И высокая громада обрыва, и небо, и море — в ответ молчали, конечно; но мне почудилось, что тишина вокруг неуловимо сгустилась, стала непроницаемой, немой, и все, что окружало меня неживые пески пляжа, навес с сидевшей в его темени Женей (тускло-желтый зыбкий и далекий силуэтик), угадываемый вдалеке мыс Карантинной косы, водная гладь моря, отливающая чернилами, — все вдруг отдалилось страшно и странно, словно я смотрел через обратную сторону бинокля. И это видение с отвратительной быстротой сжалось и заскользило вдаль, все дальше и дальше, и собралось в кристаллически прозрачную каплю, каплей же искажаясь в соответствии с ее формой, а я увидел себя плывущим по взбаламученному морю ранним ветреным утром и одновременно выходящим на берег, на песок возле вот этого самого навеса, а под навесом сидела Женя, только повзрослевшая, незнакомая какая-то: девушка, почти женщина, в белом платье, лицо строго и тревожно, испуганно даже, а глаза, отененные усталостью, заплаканны… Рядом с нею маячила неказистая, смутная фигурка Шуры-в-кубе… И вдруг картинка перебилась, опять вокруг заплескались косматые волны — темно-синие, как всегда утром, и я плыву по этим волнам, и кто-то, шумно хлопая руками по воде и хрипло дыша, плывет следом. Я знаю, что этот кто-то хочет меня догнать, но я будто играю с ним, ибо знаю тоже, что этот кто-то никогда меня не догонит, потому что ему догнать меня не под силу. И в чем, в чем, а в плавании ему меня не одолеть.

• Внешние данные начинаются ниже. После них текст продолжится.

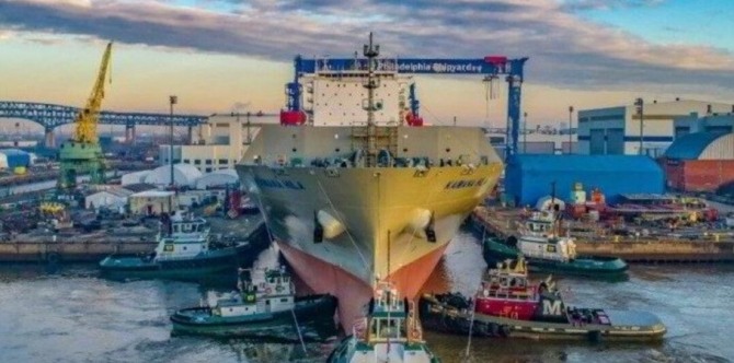 이런 상황에도 한국 한화그룹은 지난해 말 셸 잉게 뢰케(Kjell Inge Rokke)가 지원하는 회사로부터 필리조선소(Philly Shipyard)를 인수한 뒤 이를 고칠 계획이다. 한화는 약 1000억 원(약 7200만 달러)을 들여 필리조선소의 한 해 생산 능력을 기존 1.5척에서 10척으로 늘리고, 2035년까지 한 해 매출 40억 달러(약 5조5080억 원)를 목표로 삼고 있다. 현재 필리조선소는 상선 훈련선, 존스법(Jones Act)을 지키는 컨테이너선, 해저 암반 설치선 건조 계약을 맺고 있으며, 이전 소유주는 이 중 상당수를 손실 프로젝트로 분류한 바 있다.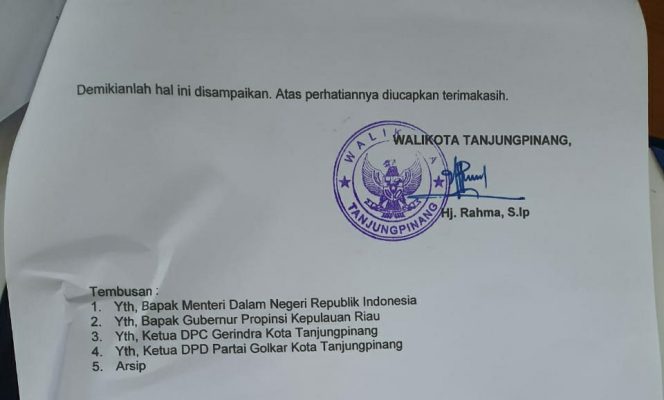 Surat yang beredar tersebut ditandatangani langsung oleh Wako Rahma ditembuskan ke Kemendagri, Gunernur Provinsi Kepri, DPD Partai Gerindra , DPRD DPD Partai Golkar dan Arsip.
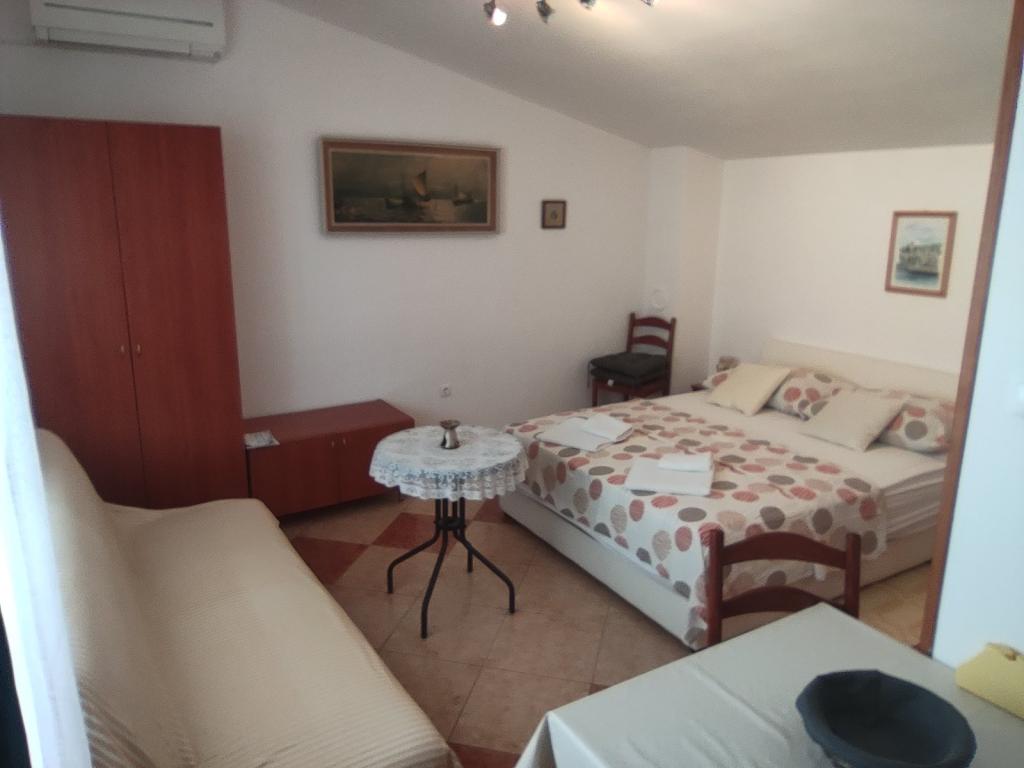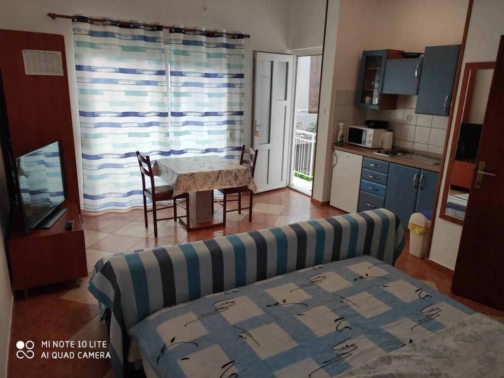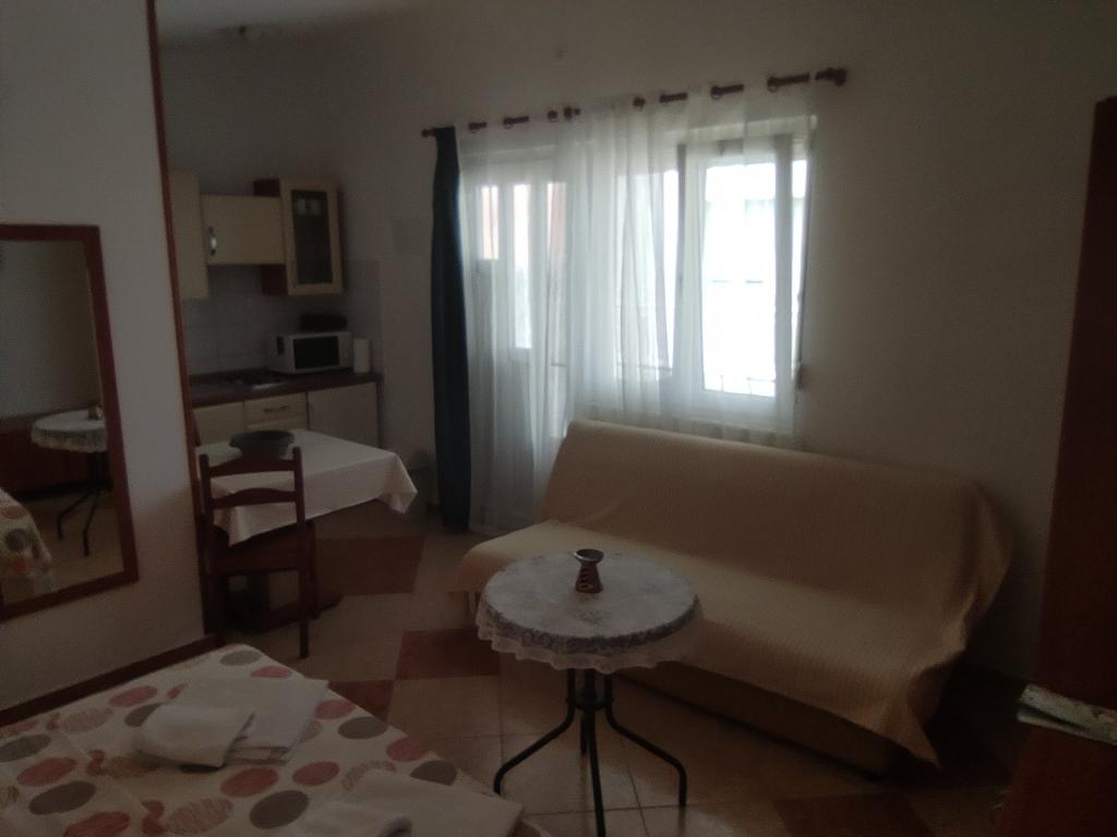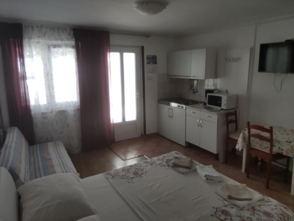 Malé studio, ideální pro dvě osoby. Přistýlka je rozkládací pohovka vhodná pro dospělého, ale pohodlnější pro děti. Byt se nachází ve druhé řadě od moře. Parkování je zajištěno a zahrnuto v ceně. Byt je součástí budovy s dalšími 3 ateliéry. Bytový dům se nachází za domem hostitele. Dvůr je využíván jak hosty, tak hostiteli.

Это был ты, Литвин. Ты барахтался за моей спиной.

Это сейчас я знаю, что не кто-то, а ты, проклятый, ничтоже сумняшеся гнался за мною; это сейчас я знаю, что, когда я выбрался на берег ветреным июньским утром после ночи выпускного нашего бала, замерзший и усталый до изнеможения, готовый упасть на песок и ползти, измученная ожиданием и страхом Женя закричала: «А Рома где? Рома?..» Но в тогдашнем видении будущего, настигшем меня в час первого свидания с Женей, некто в серокрыльчатом капюшоне (это его присутствие в пространствах уловила чуткая Женя) в тот вечер не распахнул завесу, лишь отдернул ее слегка и на миг.

Я, когда очнулся и обнаружил себя лежащим навзничь на песке, услышал женин почти возмущенный голосок (нежный по-прежнему, как лепесток цветка: переливчатый, трогательно-ломкий):

— Ну что за шутки, Тимо-о-он? Мне страшно, пошли домой… Хватит!..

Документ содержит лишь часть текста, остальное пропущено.